The Law and the Lady - Page 139/310

Supposing he received me, sympathized with me, understood me? What would he say? The nurse, in her evidence, had reported him as speaking in an off-hand manner. He would say, in all probability, "What do you mean to do? And how can I help you to do it?"

Had I answers ready if those two plain questions were put to me? Yes! if I dared own to any human creature what was at that very moment secretly fermenting in my mind. Yes! if I could confide to a stranger a suspicion roused in me by the Trial which I have been thus far afraid to mention even in these pages!

It must, nevertheless, be mentioned now.

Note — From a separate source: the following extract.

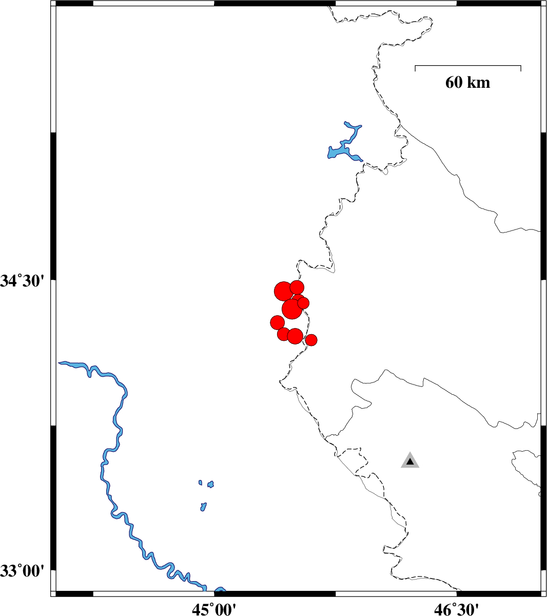2013/11/22 20:43:46.7 00:13:46.7 34.2245.4315 ML:3.6 Iraq, 36 km South-West of Qasr-E-Shirin
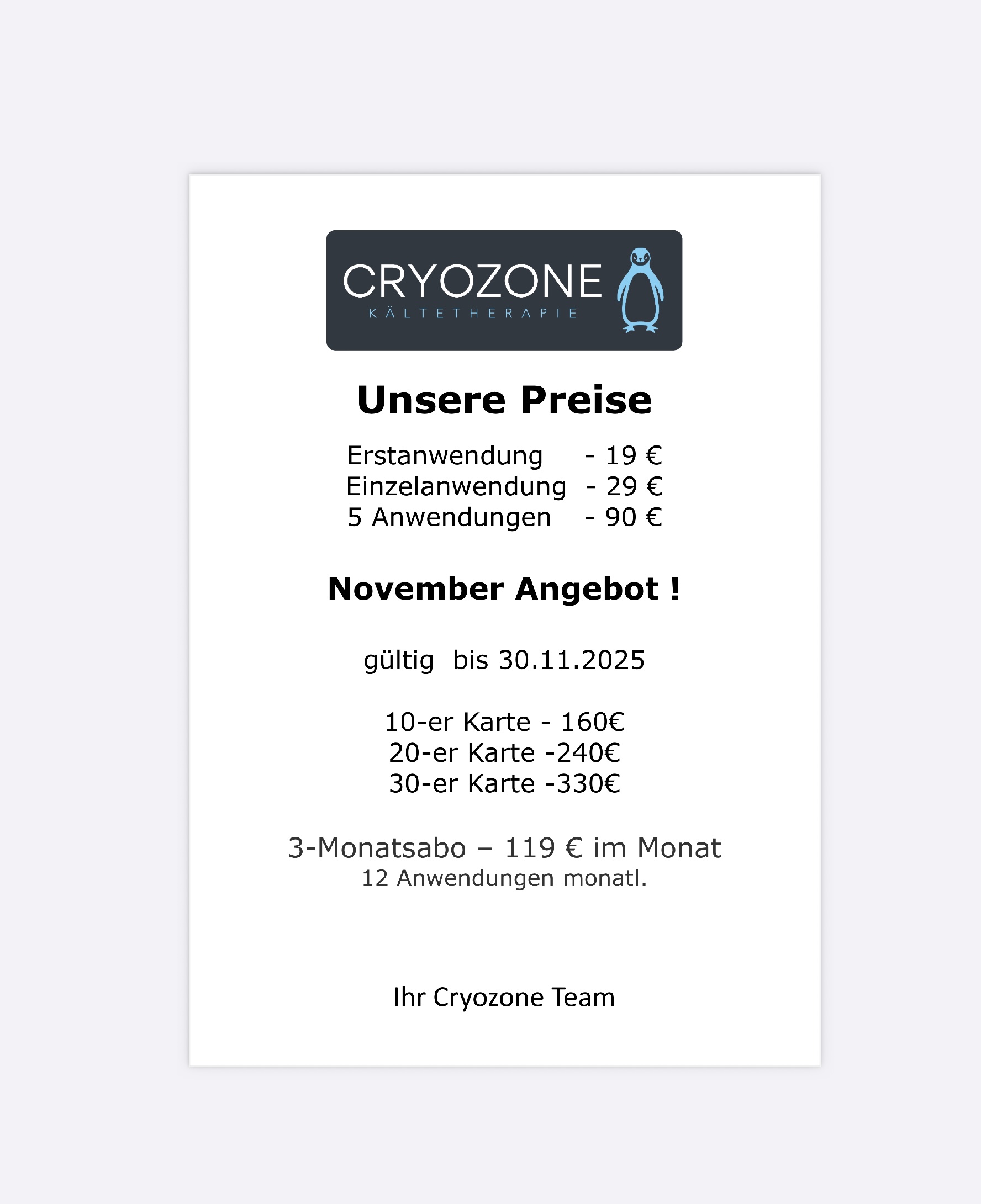 Bei CRYOZONE stehen wir Ihnen zur Seite, um Ihnen die vielfältigen Vorteile der Kältetherapie zugänglich zu machen. Unser erfahrenes Team freut sich darauf, Sie in unserer modernen Einrichtung in Hamburg Eppendorf willkommen zu heißen und Sie auf Ihrem Weg zu Ihrem persönlichen Wohlbefinden zu begleiten.

My suspicion led to results which are part of my story and part of my life.

Let me own, then, to begin with, that I closed the record of the Trial actually agreeing in one important particular with the opinion of my enemy and my husband's enemy--the Lord Advocate! He had characterized the explanation of Mrs. Eustace Macallan's death offered by the defense as a "clumsy subterfuge, in which no reasonable being could discern the smallest fragment of probability." Without going quite so far as this, I, too, could see no reason whatever in the evidence for assuming that the poor woman had taken an overdose of the poison by mistake. I believed that she had the arsenic secretly in her possession, and that she had tried, or intended to try, the use of it internally, for the purpose of improving her complexion. But further than this I could not advance. The more I thought of it, the more plainly justified the lawyers for the prosecution seemed to me to be in declaring that Mrs. Eustace Macallan had died by the hand of a poisoner--although they were entirely and certainly mistaken in charging my husband with the crime.

My husband being innocent, somebody else, on my own showing, must be guilty. Who among the persons inhabiting the house at the time had poisoned Mrs. Eustace Macallan? My suspicion in answering that question pointed straight to a woman. And the name of that woman was--Mrs. Beauly!

Yes! To that startling conclusion I had arrived. It was, to my mind, the inevitable result of reading the evidence.

Look back for a moment to the letter produced in court, signed "Helena," and addressed to Mr. Macallan. No reasonable person can doubt (though the Judges excused her from answering the question) that Mrs. Beauly was the writer. Very well. The letter offers, as I think, trustworthy evidence to show the state of the woman's mind when she paid her visit to Gleninch.